### Task prompt
For the material below, return exactly the lines starting at the one holding "Solar system temperatures" and ending at the one holding "Бейімбет Майлин-туғанына 130", counting both as part of the range.

### Record excerpts

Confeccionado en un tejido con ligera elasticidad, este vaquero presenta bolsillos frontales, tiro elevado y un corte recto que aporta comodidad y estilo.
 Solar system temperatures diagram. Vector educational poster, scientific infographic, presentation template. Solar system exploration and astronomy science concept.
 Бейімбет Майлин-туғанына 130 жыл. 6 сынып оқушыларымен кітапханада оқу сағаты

==

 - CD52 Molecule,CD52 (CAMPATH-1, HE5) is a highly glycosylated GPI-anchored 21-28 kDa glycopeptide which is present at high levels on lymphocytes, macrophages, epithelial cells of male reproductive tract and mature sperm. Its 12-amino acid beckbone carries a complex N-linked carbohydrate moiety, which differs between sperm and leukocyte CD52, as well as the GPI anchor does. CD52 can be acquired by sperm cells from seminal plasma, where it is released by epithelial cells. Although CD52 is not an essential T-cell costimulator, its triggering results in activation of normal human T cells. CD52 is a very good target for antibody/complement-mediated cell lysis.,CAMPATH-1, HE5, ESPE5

==

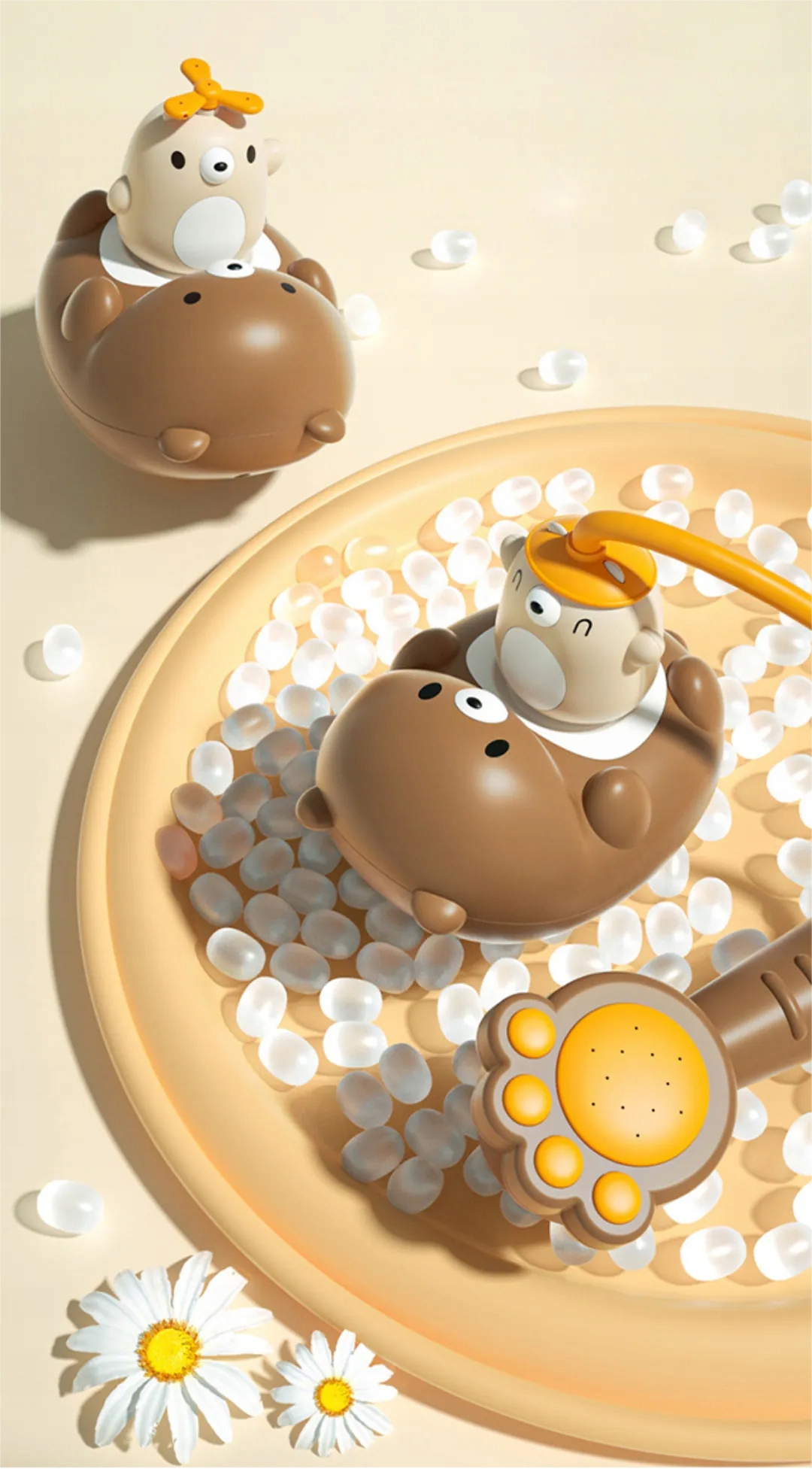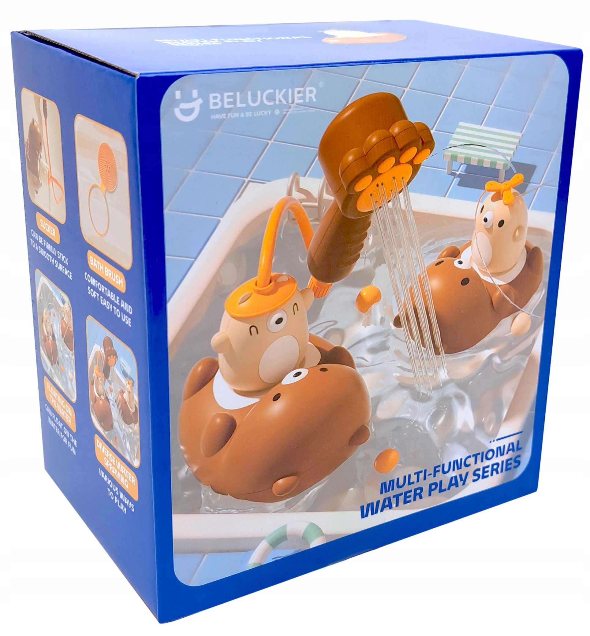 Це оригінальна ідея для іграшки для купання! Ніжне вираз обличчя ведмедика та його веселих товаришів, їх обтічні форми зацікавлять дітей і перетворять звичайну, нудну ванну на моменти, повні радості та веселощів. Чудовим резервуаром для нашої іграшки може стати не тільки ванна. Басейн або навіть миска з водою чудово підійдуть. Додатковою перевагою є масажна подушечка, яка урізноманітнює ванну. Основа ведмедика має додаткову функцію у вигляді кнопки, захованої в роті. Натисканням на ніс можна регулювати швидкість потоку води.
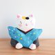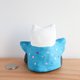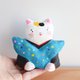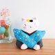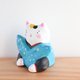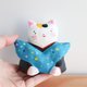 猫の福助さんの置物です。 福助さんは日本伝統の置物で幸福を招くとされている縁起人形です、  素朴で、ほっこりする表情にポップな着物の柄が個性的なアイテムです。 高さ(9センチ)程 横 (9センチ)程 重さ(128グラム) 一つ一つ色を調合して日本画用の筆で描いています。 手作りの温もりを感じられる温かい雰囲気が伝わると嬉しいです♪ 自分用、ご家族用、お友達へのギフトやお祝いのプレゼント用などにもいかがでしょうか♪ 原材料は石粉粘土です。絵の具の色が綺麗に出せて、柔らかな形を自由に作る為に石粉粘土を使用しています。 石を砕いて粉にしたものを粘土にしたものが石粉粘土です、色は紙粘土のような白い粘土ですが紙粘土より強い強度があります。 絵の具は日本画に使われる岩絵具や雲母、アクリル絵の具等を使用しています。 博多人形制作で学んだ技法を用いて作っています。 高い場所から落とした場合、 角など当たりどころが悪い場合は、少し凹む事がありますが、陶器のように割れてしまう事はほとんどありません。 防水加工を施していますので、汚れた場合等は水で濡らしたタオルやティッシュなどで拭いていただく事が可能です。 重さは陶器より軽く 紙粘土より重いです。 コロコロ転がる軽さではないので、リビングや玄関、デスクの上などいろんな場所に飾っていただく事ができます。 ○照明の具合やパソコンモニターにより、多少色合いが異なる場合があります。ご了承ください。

### Solution to the exercise
 Solar system temperatures diagram. Vector educational poster, scientific infographic, presentation template. Solar system exploration and astronomy science concept.
 Бейімбет Майлин-туғанына 130 жыл. 6 сынып оқушыларымен кітапханада оқу сағаты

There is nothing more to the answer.